4. It was further alleged that at about 4.30pm, the patient started vomiting and her condition got deteriorated. The ‘aaya’ was requested to call the doctor but to no avail. She told there was no need to call the doctor. It was alleged that though Dr. Gogate was staying on the second floor of the same building, he refused to come down, saying that the delivery would be normal. At his usual time, he came at 6.30pm but till then the patient became critical and had suffered irreparable loss.
5. it was further alleged that at 7.30pm, to help Dr. Gogate, two doctors namely Dr. Sunil Gokhale - the Physician (Opposite Party No. 3, who expired during the pendency of the case) and Dr. Prakash Ambardekar – the Anaesthetist (Opposite Party No. 4) came to the hospital but the patient had her last breath. However, the Opposite Parties kept on telling that they were trying their level best. At about 8.00pm, Dr. Gogate informed the Complainant that the patient and the baby in the womb had passed away. Being aggrieved, the Complainant No. 1 filed a police complaint against the treating doctor for the alleged negligence, causing death of his wife and baby. Also, filed a Consumer Complaint against the Opposite Parties in the State Commission for the alleged medical negligence vis-à-vis deficiency in service and sought compensation of Rs. 20 lakh with interest @ 15% per annum.
Defence of the Doctors and Hospital.
3. The Opposite Parties Nos. 1 and 2 filed their written statement and denied any negligence during the patient care. Dr. Sharad Gogate submitted that he is a practicing gynaecologist for 28 years and performed more than 5500 successful deliveries.

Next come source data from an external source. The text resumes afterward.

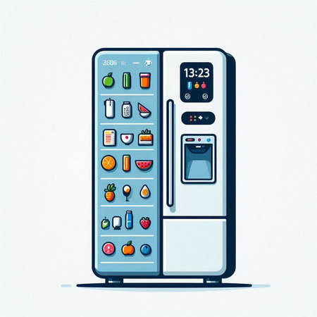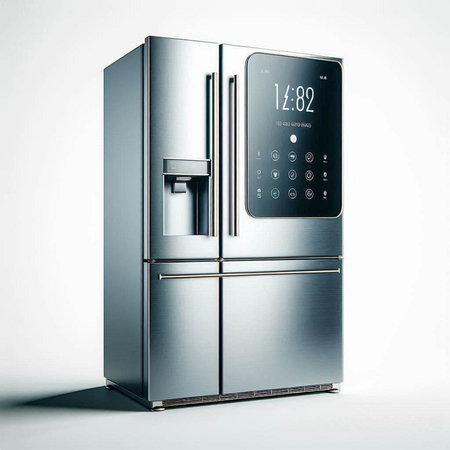 This modern refrigerator features a sleek design with energy-efficient technology and a user-friendly touch screen, perfect for contemporary kitchens and smart homes.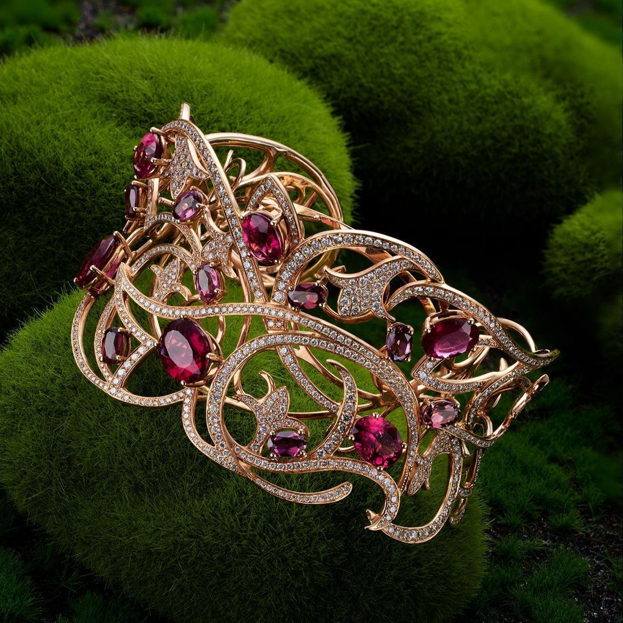 The 'DANCING PHOENIX' - 18K Gold Ruby & Diamond Bangle was designed by the awarded jewelry designer, Ben Yep. This exquisite bangle showcases the majestic flying phoenix, adorned with natural and hand-picked rubies and diamonds. It has been honored with the prestigious Gold Award at the Kapok Jewellery Design Award China.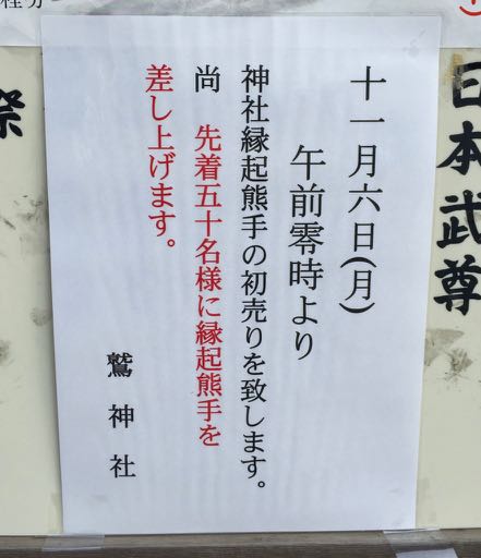 熊手の初売りが始まります。先着五十名には縁起熊手が!!私も毎年、ここで熊手を買っています。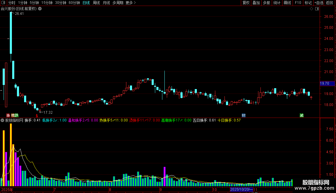 当满足条件换手>17时,在0和换手位置之间画柱状线,宽度为1.3,0不为0则画空心柱.,COLOR00A600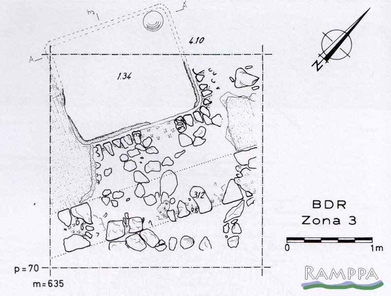 En los sondeos de los años 80 se documentó en el área 3 una pileta de salazones casi cuadrangular, con 1.3x1.6x1.9m, con una capacidad estimada de 3,9 m3, que pertenecía a una fábrica de dimensiones desconocidas.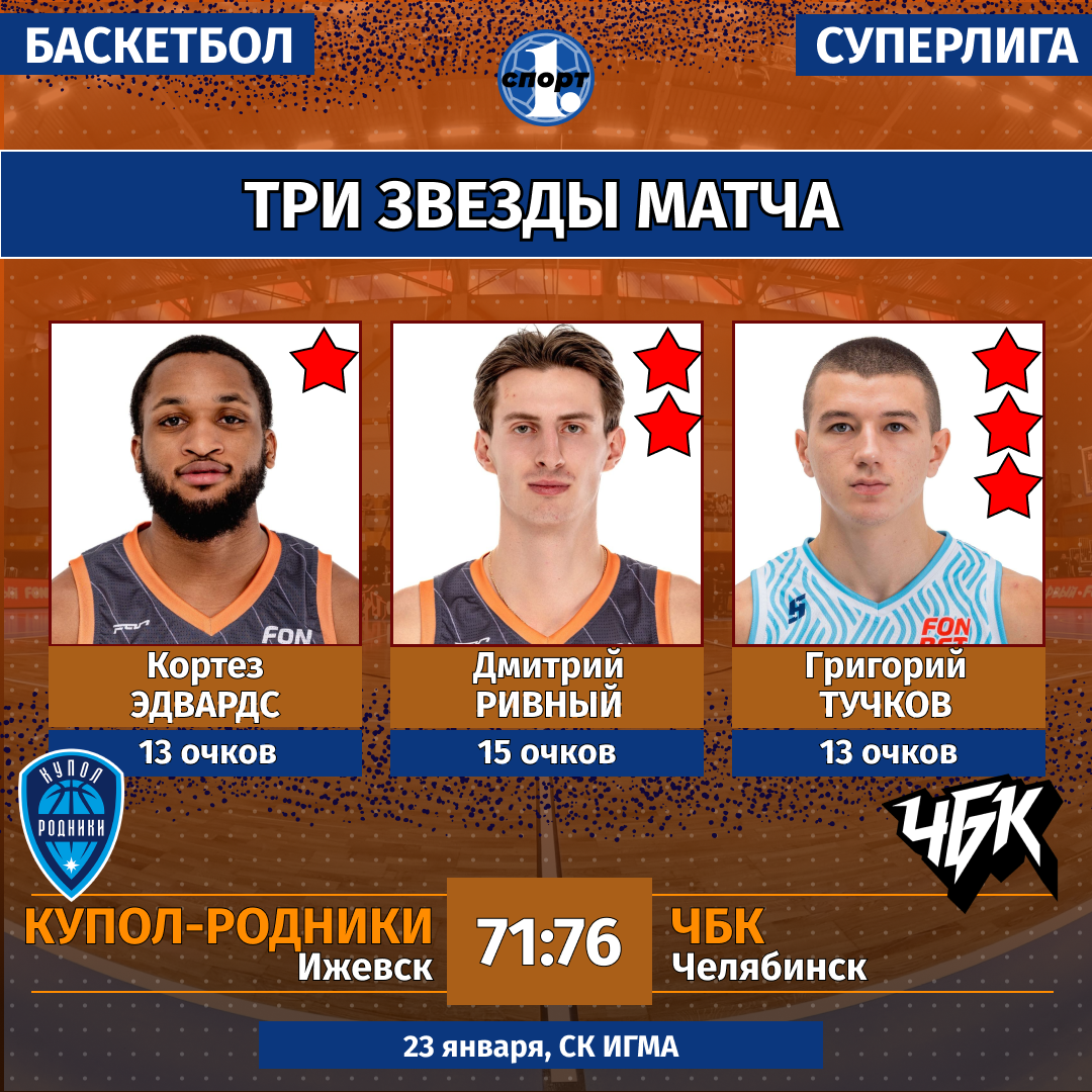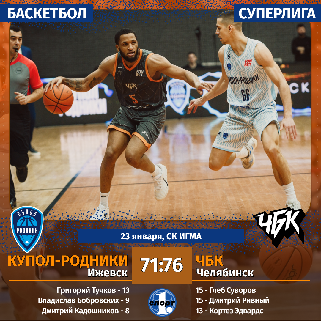 Баскетбол. Сезон-2025/2026. Суперлига. Мужчины. 23 января. «Купол-Родники» (Ижевск) — «ЧБК» (Челябинск) — 71:76 (17:22, 15:17, 23:20, 16:17).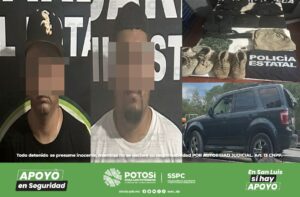 El Naranjo, S.L.P.- Ante la reacción inmediata a situaciones que vulneren la paz pública de las familias potosinas y sus visitantes, oficiales de la Guardia Civil Estatal (GCE) detuvieron a dos supuestos criminales después de ser sorprendidos usurpando funciones policiales; resultado de ello fue gracias a los dispositivos implementados de manera constante en la región Huasteca.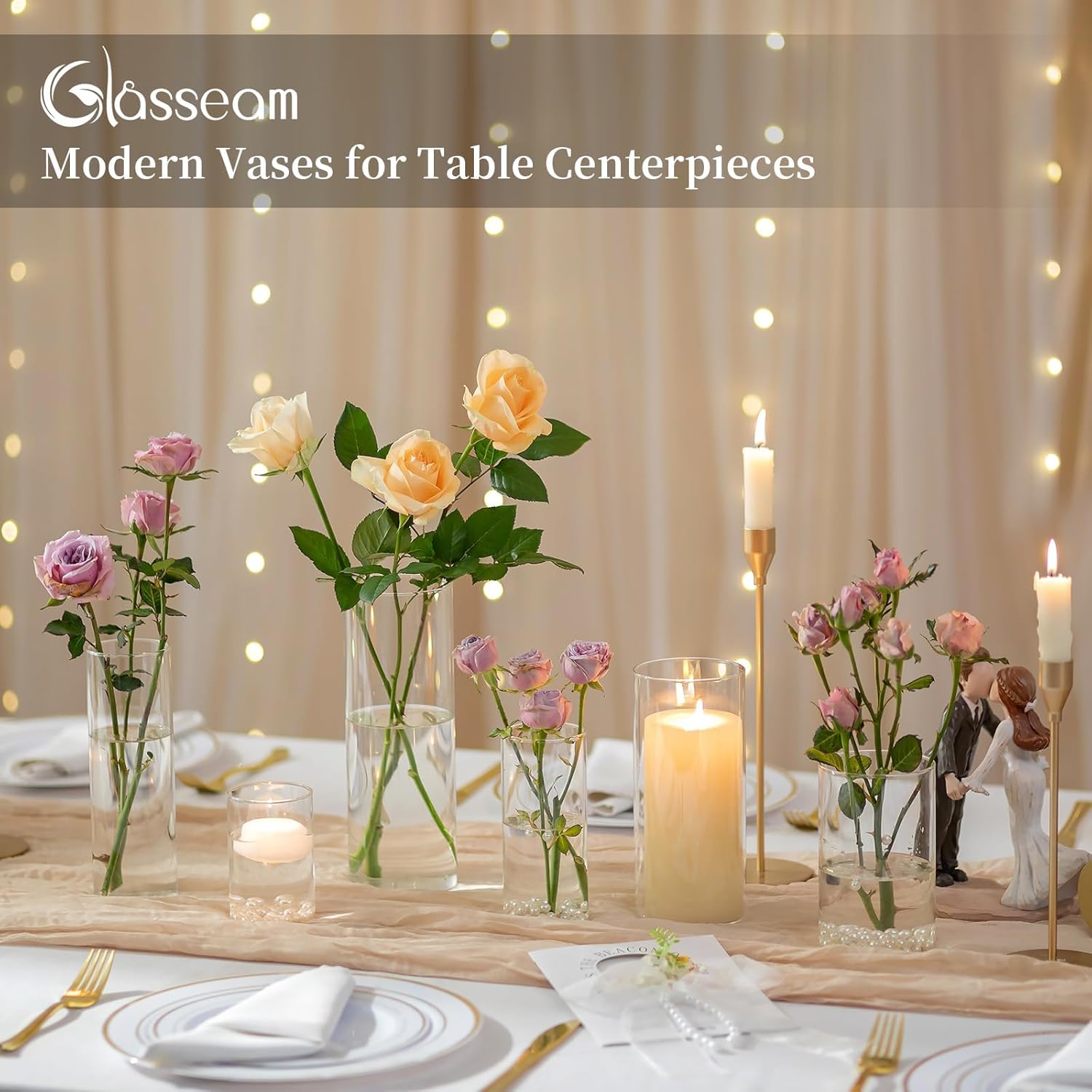 - Touch of Beauty: Made of high quality clear glass, this cylindrical vases for decor works great both as a decorative vase for mantle fireplace or home decor, and as a centerpiece vase for large scale events, birthday party or wedding reception, baby shower, creating a chic and welcoming ambiance.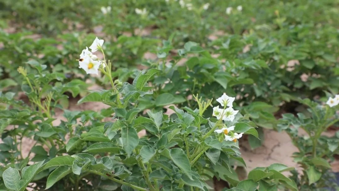 眼下,马铃薯正值花期,用一抹白色装扮着大地。这些埋在地里的是马铃薯原种,正孕育着生命的律动。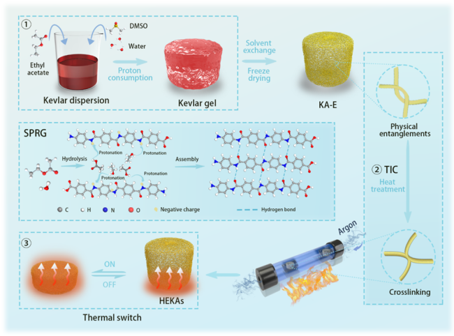 为此,苏州纳米所轻量化实验室王锦与东南大学孙正明/张培根团队合作,提出超弹"气凝胶温度开关"的概念,即气凝胶自然状态下具有优异的隔热性能,处于热传导“关”的状态;在外力大形变的作用下,热导率的增加与厚度的急剧降低,实现热传导“开”的状态。为了实现热开关的可逆“开”与“关”,另一需要解决的问题即为超弹气凝胶的构筑,同时具有极低的热导率和可靠的抗疲劳性。为此,利用缓慢质子释放策略(SPRG)结合热诱导交联(TIC)的方法制备了超轻超弹的Kevlar纳米纤维气凝胶(HEKA)并成功实现了热开关的应用(图1)。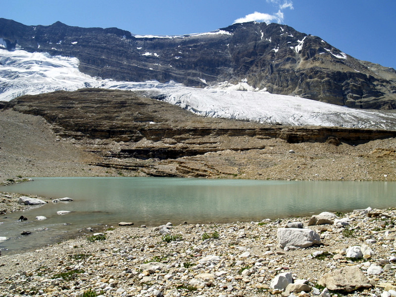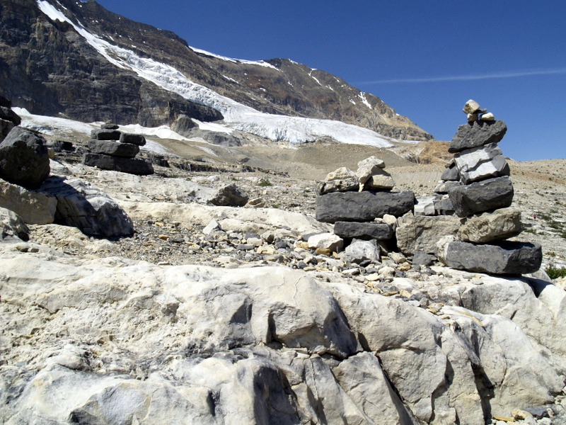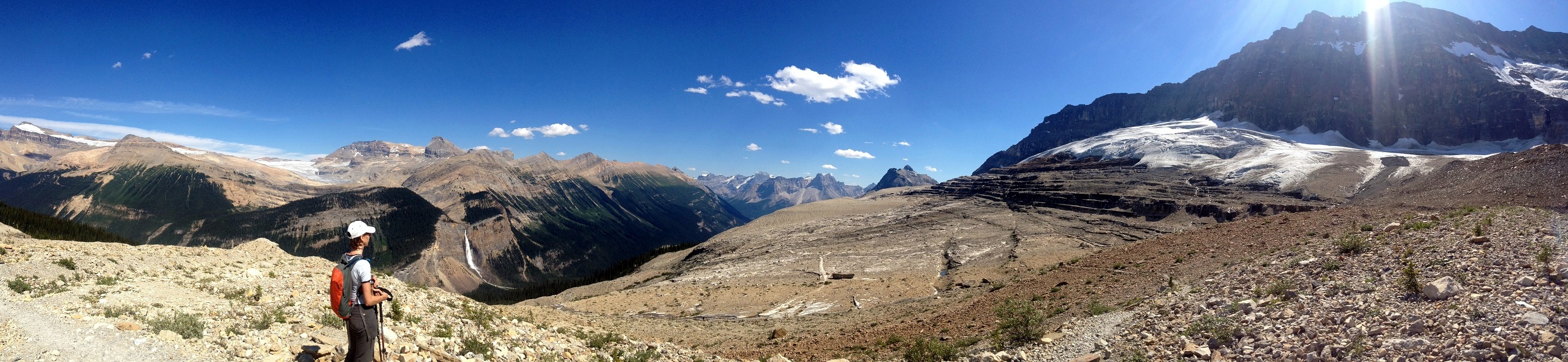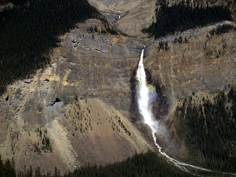Le sentier partait des chutes Takakkaw, que nous avions déjà vues il y a trois ans (déjà…). Nous nous souvenions d’un « minuscule » filet d’eau. C’était bien différent cette fois-ci, car beaucoup plus tôt en saison. Le débit était impressionnant!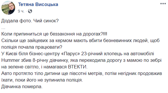 Когда прекратится этот беспредел на дорогах? Сколько еще зайцевых за рулем должны убить невинных людей, чтобы полиция начала работать?" - интересуется журналистка Татьяна Высоцкая.

His hospital had adequate nursing care with qualified nurses and ‘aayas’ / ‘bais’.
The patient’s family was known to him and previously she took the treatment from his hospital. The Complainants suppressed various facts. The Complaint is false and frivolous without any merit.
4. He further submitted that when the patient came in the hospital with alleged pains, on examination it was found that she was not in active labour, therefore he advised to monitor her throughout the night and review in the morning. On the next day morning at 7.00 a.m. and 10.00 a.m., the Opposite Party No. 2 checked the patient and informed the Complainant -husband that the patient could be discharged as her due date for delivery was 02.10.2000. However, as the Complainant requested Opposite Party No. 2 to try for increasing the labour pains, as they were residing at Mulund, it’s far off from the hospital. On such clear instructions, the Opposite Party No. 2 gave tablet Primiprost one hourly to increase her labour pains. The nursing staff was instructed to monitor the labour and observe the partograph for the condition of baby. As a standard dose, the patient was given six tablets from 10.00 am to 3.00 pm. The Opposite Party No. 2 at 3.30 pm examined her and found that she was not getting any pains, therefore, Artificial Rupture of Membrane (ARM) was performed and started IV glucose with Pitocin to increase her pain. He also informed the patient and her relatives that the medication may cause vomiting and nothing to worry. Thereafter, the Opposite Party No. 2 went to his residence on 2nd floor. At about 5.45 pm, the Opposite Party No. 2 examined the patient, found her progressing with labour pain and informed the Complainant about expected delivery within ½ to 1 hour. After 10 minutes, at about 5.55pm, the patient suddenly developed convulsions.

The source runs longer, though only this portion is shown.